[[ TASK INPUT open ]]

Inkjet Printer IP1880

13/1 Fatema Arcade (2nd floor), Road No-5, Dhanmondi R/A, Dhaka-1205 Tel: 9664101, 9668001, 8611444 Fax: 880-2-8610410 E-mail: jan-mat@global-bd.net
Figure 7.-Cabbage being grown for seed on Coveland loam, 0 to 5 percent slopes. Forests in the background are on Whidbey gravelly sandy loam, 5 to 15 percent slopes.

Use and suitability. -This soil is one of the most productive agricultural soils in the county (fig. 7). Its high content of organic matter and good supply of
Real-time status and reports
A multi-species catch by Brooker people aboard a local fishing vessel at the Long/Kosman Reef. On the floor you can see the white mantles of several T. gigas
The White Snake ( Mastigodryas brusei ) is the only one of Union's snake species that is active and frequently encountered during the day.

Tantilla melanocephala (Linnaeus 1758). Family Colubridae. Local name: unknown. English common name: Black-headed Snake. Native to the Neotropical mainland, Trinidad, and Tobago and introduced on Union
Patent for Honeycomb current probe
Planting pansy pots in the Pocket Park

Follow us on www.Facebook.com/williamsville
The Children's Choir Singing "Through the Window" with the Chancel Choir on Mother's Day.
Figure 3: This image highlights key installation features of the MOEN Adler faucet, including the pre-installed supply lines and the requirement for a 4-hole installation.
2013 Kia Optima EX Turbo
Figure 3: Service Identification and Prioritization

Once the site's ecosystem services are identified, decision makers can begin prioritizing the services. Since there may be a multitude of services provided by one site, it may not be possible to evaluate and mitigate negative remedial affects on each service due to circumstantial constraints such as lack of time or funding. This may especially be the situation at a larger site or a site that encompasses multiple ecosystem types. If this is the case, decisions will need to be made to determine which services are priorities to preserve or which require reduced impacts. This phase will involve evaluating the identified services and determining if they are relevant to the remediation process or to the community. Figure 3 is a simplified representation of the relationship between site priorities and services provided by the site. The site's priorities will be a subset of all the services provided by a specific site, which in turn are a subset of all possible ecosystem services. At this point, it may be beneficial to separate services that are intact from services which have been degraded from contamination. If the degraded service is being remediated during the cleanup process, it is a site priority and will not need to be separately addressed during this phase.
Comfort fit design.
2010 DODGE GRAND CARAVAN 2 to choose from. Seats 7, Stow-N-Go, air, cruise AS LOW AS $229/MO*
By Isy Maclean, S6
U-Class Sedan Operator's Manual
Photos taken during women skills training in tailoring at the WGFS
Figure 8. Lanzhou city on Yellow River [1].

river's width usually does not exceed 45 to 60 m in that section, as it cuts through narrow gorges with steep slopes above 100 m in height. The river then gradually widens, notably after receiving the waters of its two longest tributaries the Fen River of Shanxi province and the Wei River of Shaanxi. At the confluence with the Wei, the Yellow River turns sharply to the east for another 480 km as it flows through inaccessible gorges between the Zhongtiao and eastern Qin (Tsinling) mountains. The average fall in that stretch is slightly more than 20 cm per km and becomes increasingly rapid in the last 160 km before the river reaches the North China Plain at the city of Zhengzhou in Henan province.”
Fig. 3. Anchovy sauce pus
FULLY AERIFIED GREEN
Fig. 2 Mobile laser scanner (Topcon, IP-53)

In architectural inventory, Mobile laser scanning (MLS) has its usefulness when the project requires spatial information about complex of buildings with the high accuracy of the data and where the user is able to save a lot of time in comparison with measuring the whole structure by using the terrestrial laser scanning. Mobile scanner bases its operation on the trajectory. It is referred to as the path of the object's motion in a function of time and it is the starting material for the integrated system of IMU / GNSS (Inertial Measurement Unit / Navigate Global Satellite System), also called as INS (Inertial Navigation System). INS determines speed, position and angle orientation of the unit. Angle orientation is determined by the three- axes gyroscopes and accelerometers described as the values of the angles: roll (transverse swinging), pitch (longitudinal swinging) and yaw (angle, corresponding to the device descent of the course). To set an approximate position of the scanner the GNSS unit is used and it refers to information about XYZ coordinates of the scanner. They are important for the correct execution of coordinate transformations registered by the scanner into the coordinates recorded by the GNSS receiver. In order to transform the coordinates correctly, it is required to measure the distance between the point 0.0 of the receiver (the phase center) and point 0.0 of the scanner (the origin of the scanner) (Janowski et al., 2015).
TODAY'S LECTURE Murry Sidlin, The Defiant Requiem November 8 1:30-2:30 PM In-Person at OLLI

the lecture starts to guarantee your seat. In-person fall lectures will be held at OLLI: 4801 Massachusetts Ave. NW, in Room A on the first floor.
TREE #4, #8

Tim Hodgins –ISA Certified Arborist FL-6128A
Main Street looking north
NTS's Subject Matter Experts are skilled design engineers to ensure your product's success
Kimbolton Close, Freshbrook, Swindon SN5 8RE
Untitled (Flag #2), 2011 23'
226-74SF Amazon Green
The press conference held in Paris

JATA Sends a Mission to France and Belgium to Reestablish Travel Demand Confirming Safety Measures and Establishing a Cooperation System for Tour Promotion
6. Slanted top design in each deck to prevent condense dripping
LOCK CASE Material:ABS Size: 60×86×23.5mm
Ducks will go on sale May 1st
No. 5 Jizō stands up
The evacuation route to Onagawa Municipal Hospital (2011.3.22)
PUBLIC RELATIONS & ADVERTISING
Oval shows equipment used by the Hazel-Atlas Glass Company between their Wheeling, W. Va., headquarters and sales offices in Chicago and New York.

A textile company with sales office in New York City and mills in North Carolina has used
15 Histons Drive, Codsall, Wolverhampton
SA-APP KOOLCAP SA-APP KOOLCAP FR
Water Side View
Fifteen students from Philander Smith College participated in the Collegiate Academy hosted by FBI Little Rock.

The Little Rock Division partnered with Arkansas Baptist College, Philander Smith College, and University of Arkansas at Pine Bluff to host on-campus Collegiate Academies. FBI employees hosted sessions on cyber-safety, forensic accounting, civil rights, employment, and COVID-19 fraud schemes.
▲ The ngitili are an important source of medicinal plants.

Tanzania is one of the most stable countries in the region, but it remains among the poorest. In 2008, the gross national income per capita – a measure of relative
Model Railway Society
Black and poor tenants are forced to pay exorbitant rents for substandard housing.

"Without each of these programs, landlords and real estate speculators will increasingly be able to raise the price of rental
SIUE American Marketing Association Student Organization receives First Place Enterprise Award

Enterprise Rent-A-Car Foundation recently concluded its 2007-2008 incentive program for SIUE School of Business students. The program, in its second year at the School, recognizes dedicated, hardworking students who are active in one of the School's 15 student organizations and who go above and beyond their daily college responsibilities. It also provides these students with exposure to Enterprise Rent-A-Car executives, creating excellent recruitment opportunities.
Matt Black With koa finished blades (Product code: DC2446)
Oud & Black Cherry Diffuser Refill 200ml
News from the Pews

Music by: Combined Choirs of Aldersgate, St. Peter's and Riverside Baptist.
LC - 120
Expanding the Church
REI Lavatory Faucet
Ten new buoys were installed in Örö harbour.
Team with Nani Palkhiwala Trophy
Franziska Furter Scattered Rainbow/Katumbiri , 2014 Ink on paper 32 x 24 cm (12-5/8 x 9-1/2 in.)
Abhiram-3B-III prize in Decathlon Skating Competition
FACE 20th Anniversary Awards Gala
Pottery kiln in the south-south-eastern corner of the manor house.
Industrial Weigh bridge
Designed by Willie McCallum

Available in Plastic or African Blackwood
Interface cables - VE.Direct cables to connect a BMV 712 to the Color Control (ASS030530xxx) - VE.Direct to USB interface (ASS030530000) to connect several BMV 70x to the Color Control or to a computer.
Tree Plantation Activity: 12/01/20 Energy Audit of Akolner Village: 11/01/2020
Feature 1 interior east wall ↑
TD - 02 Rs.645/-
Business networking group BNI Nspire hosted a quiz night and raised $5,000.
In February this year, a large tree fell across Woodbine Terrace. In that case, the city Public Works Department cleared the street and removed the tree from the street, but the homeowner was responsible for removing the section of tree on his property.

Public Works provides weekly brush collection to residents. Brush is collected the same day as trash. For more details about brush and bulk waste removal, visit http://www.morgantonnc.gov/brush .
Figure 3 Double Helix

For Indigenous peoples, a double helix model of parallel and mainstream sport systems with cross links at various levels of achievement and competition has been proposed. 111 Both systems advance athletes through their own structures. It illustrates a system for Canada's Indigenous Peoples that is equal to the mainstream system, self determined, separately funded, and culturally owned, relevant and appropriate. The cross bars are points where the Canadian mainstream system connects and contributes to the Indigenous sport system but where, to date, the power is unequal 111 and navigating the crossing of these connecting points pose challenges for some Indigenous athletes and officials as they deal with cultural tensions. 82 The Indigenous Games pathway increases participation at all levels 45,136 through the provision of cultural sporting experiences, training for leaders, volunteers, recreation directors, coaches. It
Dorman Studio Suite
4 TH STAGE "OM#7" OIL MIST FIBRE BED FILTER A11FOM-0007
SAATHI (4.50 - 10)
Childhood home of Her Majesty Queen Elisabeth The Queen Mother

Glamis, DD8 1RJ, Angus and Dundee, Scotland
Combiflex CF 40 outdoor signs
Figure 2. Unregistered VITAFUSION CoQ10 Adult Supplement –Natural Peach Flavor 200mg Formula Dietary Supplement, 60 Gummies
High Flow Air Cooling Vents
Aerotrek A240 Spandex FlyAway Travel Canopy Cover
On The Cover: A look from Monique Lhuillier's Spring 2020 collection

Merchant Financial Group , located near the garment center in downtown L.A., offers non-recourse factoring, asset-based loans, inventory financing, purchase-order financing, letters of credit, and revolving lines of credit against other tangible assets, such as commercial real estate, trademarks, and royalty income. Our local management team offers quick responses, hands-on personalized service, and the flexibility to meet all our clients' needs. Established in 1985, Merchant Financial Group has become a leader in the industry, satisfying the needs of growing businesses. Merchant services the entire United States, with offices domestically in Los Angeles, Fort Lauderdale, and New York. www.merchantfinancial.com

[[ TASK INPUT closed ]]

## GOAL OF THE EXERCISE
Set down again, word for word, the stretch of records from the line with "The press conference held in Paris" to the line with "Fifteen students from", both of those lines included.

## TASK SOLUTION
The press conference held in Paris

JATA Sends a Mission to France and Belgium to Reestablish Travel Demand Confirming Safety Measures and Establishing a Cooperation System for Tour Promotion
6. Slanted top design in each deck to prevent condense dripping
LOCK CASE Material:ABS Size: 60×86×23.5mm
Ducks will go on sale May 1st
No. 5 Jizō stands up
The evacuation route to Onagawa Municipal Hospital (2011.3.22)
PUBLIC RELATIONS & ADVERTISING
Oval shows equipment used by the Hazel-Atlas Glass Company between their Wheeling, W. Va., headquarters and sales offices in Chicago and New York.

A textile company with sales office in New York City and mills in North Carolina has used
15 Histons Drive, Codsall, Wolverhampton
SA-APP KOOLCAP SA-APP KOOLCAP FR
Water Side View
Fifteen students from Philander Smith College participated in the Collegiate Academy hosted by FBI Little Rock.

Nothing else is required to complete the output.